Nouvelle question, donc : dans quelle mesure ? Cela est très variable. Pour le comprendre, il y a une équation à retenir, que la psychologie m’a enseignée : Comportement = Personnalité x Contexte. Pour l’immense majorité des personnes, le comportement dépendra des éléments d’interaction entre leur personnalité propre (en y ajoutant leurs motivations, leurs intérêts, leurs éventuels soucis, etc.) et le contexte dans lequel elles sont plongées. Par conséquent, les éléments « internes » et les éléments « externes ». Oui, les gens sont différents : ils ne vivent ni ne ressentent les choses exactement de la même façon, agissent et réagissent différemment aux événements. Mais, étant tous des êtres humains, ils sont sujets à des lois psychologiques « normales » qui dessinent des attitudes et réactions habituelles, récurrentes, issues de millions d’années d’évolution et d’une vie de conditionnement social ; bref plutôt prévisibles par rapport à une situation donnée – sauf cas très rares, ou psychopathologiques. Nous sommes de ce fait tous uniques et similaires à la fois.

 

Une personnalité extrême, très marquée, signifiera basiquement que, peu importe le contexte, telle personne se comportera souvent d’une façon plutôt prévisible.
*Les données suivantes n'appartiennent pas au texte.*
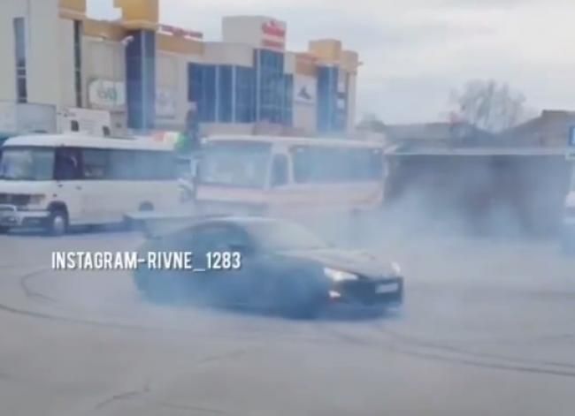 Очевидці помітили дрифтера цього разу біля автостанції “Чайка” та оприлюднили відео його небезпечних викрутасів перед маршрутками в інстаграм-спільноті Rivne_1283.
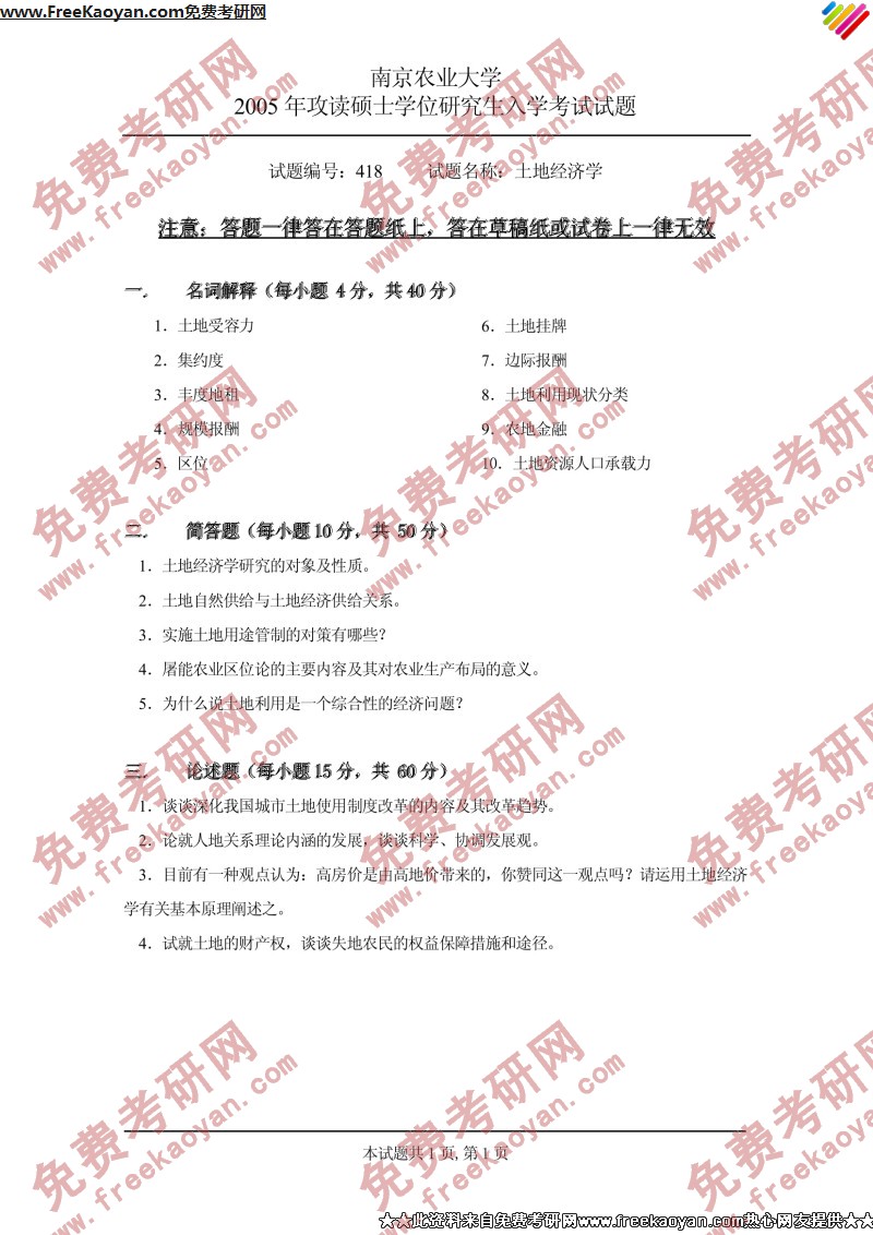 相关话题/半岛在线注册真题 南京农业大学 经济学 土地

A l’inverse, un contexte extrême fera que, peu importe leur personnalité respective (sauf à avoir des caractéristiques individuelles très fortement marquées), la majorité des personnes y réagira à peu près de la même façon. Mais ces cas sont rares, et, généralement, le « mélange » d’influences entre personnalité et contexte est subtil : tout dépend du « poids » respectif de la personnalité et du contexte, avec dans cette notion de « poids », tout ce que cela évoque de lourdeur, voire de rigidité.
Il y a donc deux écueils (hélas trop fréquents) dont il faut se préserver. Premièrement, tout expliquer d’un comportement par la situation, le contexte, les facteurs extérieurs – c’est aussi la tentation des personnes qui se déresponsabilisent de leurs actes. Secondement, à l’inverse, tout oublier du contexte, et considérer que l’individu porte en lui-même l’ensemble des causes de ses réussites ou des échecs. Cette vision naïve gonfle (à tort) l’orgueil en cas de réussite, et fragilise (inutilement) l’égo en cas d’échec. Elle déresponsabilise aussi l’organisation en cas d’échec de l’individu.
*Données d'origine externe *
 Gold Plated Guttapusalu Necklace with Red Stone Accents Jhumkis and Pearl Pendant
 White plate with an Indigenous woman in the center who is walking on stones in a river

Pour terminer avec une illustration pratique, dans le cadre du recrutement, cela signifie qu’une organisation à la situation dégradée, précaire, humainement difficile à supporter, ne doit pas espérer de miracle : le recrutement d’un super-héros, le fameux « mouton à 5 pattes », à la psychologie invincible (dynamique-rigoureux-autonome-proactif-innovant-adaptable-persévérant-sociable-affirmé-coopérant) et au professionnalisme parfait, capable de tout supporter, et de tout redresser. A l’organisation la charge de travailler en priorité sur ses lacunes internes, pour pouvoir fonctionner avec des êtres humains normaux, et ne pas dépendre de surhomme. Du côté du candidat, cela implique que si nous sommes nous-mêmes, en tant qu’individu, peu adaptable, rigide, hyper difficile à motiver et impliquer, il est pareillement inutile d’espérer trouver l’organisation parfaite, « sur-mesure », qui répondra à nos innombrables besoins de confort ou nos envies très personnelles – par ailleurs, si cette organisation existe, elle aurait de toute manière peu de raison de nous préférer à un candidat plus engageant et adaptable. En résumé, la Personnalité ne peut pas, seule, « compenser » le Contexte – et inversement.

 

Comportement = Personnalité x Contexte. C’est l’équation psychologique simple, et pourtant tellement centrale, que je vous invite à ne jamais perdre de vue. Elle mène, de façon pratique, à la question de savoir comment bien mesurer la Personnalité, et bien analyser le Contexte… C’est là tout un programme ! Nous y reviendrons.